INPUT DATA section start
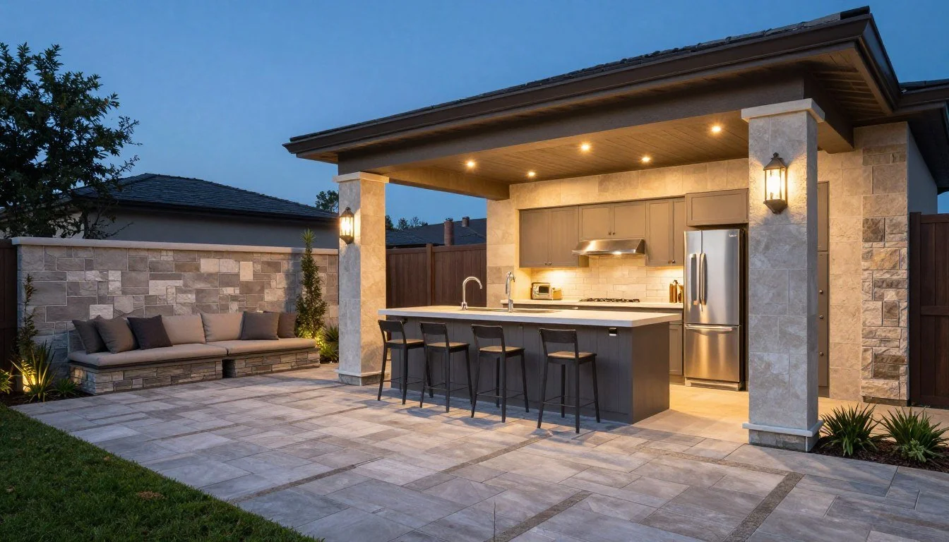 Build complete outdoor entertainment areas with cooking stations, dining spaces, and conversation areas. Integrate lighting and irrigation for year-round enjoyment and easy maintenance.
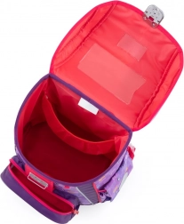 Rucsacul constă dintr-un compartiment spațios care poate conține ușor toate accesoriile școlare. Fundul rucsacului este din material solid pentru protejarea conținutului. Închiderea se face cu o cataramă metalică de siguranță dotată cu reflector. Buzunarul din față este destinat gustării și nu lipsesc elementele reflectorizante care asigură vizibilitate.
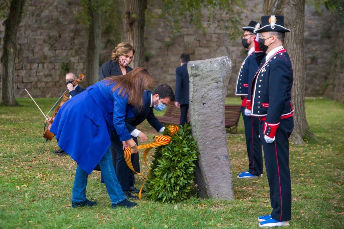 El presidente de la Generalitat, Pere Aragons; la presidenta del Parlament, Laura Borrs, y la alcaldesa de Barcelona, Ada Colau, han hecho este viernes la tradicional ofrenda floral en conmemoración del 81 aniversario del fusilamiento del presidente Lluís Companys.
INPUT DATA section end
▸ GOAL OF THE EXERCISE: Word for word, reproduce the listing above; no image should be carried over.

▸ ANSWER TO THE PROBLEM:
 Build complete outdoor entertainment areas with cooking stations, dining spaces, and conversation areas. Integrate lighting and irrigation for year-round enjoyment and easy maintenance.
 Rucsacul constă dintr-un compartiment spațios care poate conține ușor toate accesoriile școlare. Fundul rucsacului este din material solid pentru protejarea conținutului. Închiderea se face cu o cataramă metalică de siguranță dotată cu reflector. Buzunarul din față este destinat gustării și nu lipsesc elementele reflectorizante care asigură vizibilitate.
 El presidente de la Generalitat, Pere Aragons; la presidenta del Parlament, Laura Borrs, y la alcaldesa de Barcelona, Ada Colau, han hecho este viernes la tradicional ofrenda floral en conmemoración del 81 aniversario del fusilamiento del presidente Lluís Companys.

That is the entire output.